## The task
All of the data is to be written out again exactly, without the pictures.

## Data excerpt
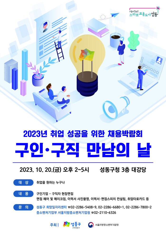 [시민일보 = 홍덕표 기자] 성동구(구청장 정원오)가 오는 20일 오후 2시부터 구청 3층 대강당에서 취업 성공을 위한 채용박람회 '구인·구직 만남의 날' 행사를 개최한다.
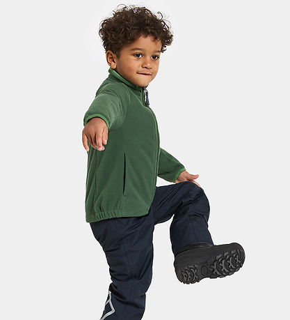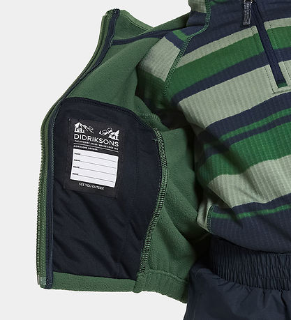 De Didriksons fleece jas heeft een hoge keel en hebben smalle, elastisch mouwen. De Fleece jas opent met een rits met scheenbeschermers en een windpost aan de binnenkant, en heeft praktische zakken aan de zijkanten.
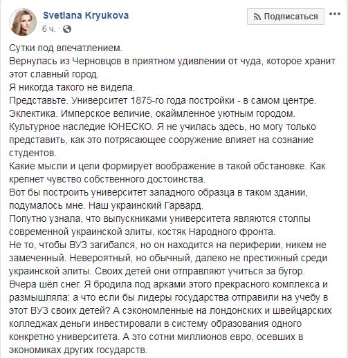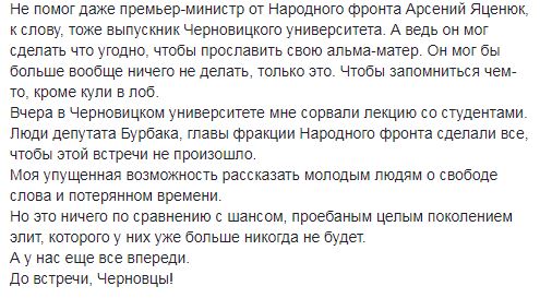 Светлана Крюкова также подтвердила эту информацию. "Вчера в Черновицком университете мне сорвали лекцию со студентами. Люди депутата Бурбака, главы фракции Народного фронта сделали все, чтобы этой встречи не произошло", - написала в Facebook Крюкова.

## Response
 [시민일보 = 홍덕표 기자] 성동구(구청장 정원오)가 오는 20일 오후 2시부터 구청 3층 대강당에서 취업 성공을 위한 채용박람회 '구인·구직 만남의 날' 행사를 개최한다.
 De Didriksons fleece jas heeft een hoge keel en hebben smalle, elastisch mouwen. De Fleece jas opent met een rits met scheenbeschermers en een windpost aan de binnenkant, en heeft praktische zakken aan de zijkanten.
 Светлана Крюкова также подтвердила эту информацию. "Вчера в Черновицком университете мне сорвали лекцию со студентами. Люди депутата Бурбака, главы фракции Народного фронта сделали все, чтобы этой встречи не произошло", - написала в Facebook Крюкова.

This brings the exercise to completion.